**Exercise**
Lines from the one containing "Alimento balanceado para" through the final line of the data, restated word for word and free of pictures, make up the whole answer.

**Information supplied**
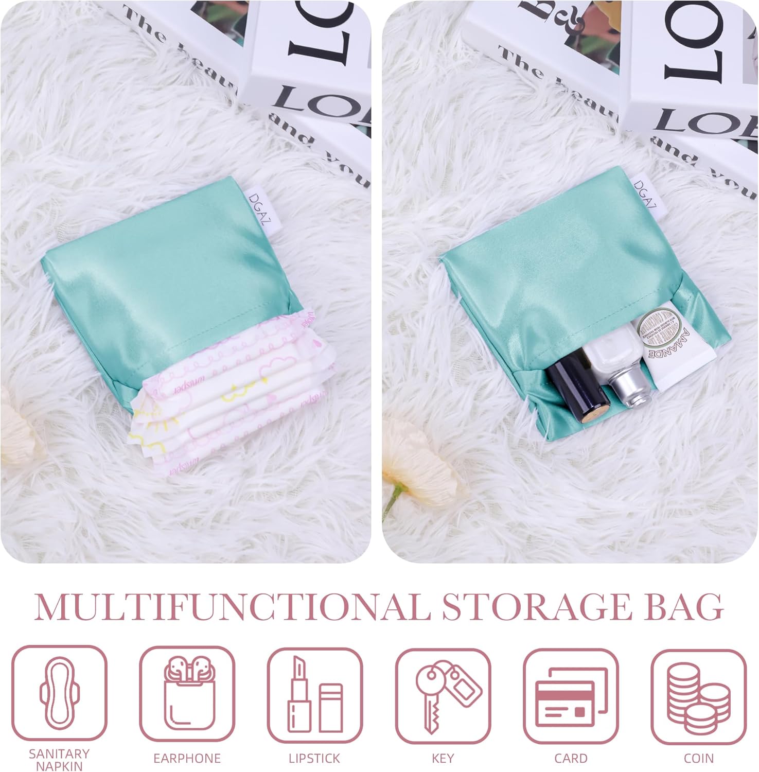 DGAZ Silk Sanitary Napkin Storage Bag, Period Bag for Teen Aged Girls, Portable Period Bag for Panty Liners/Menstrual Cup/Small Tampons,Mini Makeup Bag for Purse(Blue Zephyr)
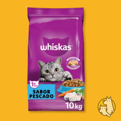 Alimento balanceado para gatos de la marca Whiskas de 10kgs con 28% de proteínas. Sabor pescado
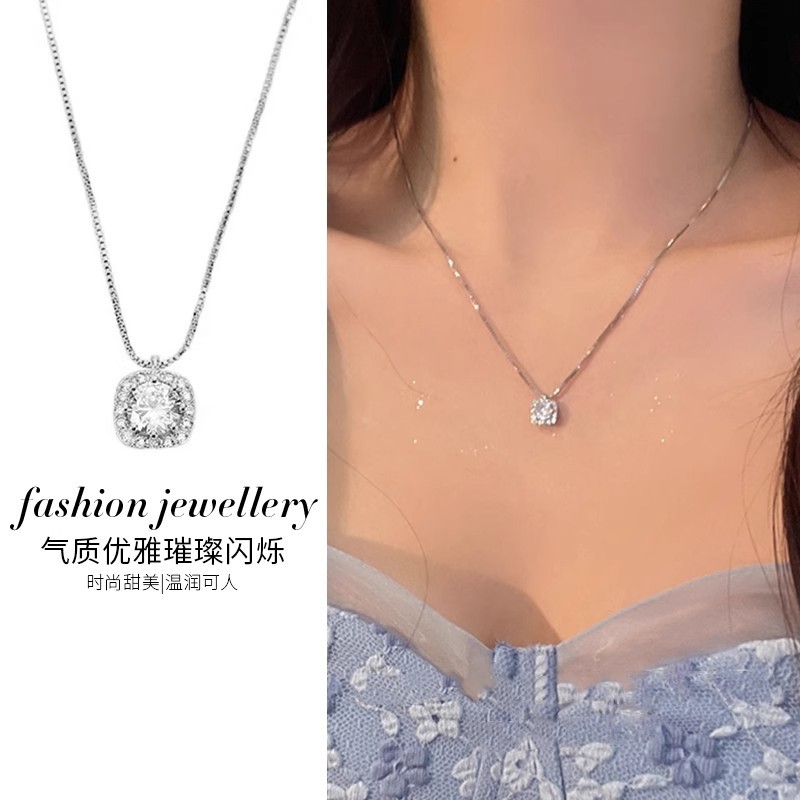New Imitation Zircon Pendant Necklace Girl Student Simple Clavicle Chain Silver Girl Necklace Small Gift

**Solution to this exercise**
 Alimento balanceado para gatos de la marca Whiskas de 10kgs con 28% de proteínas. Sabor pescado
New Imitation Zircon Pendant Necklace Girl Student Simple Clavicle Chain Silver Girl Necklace Small Gift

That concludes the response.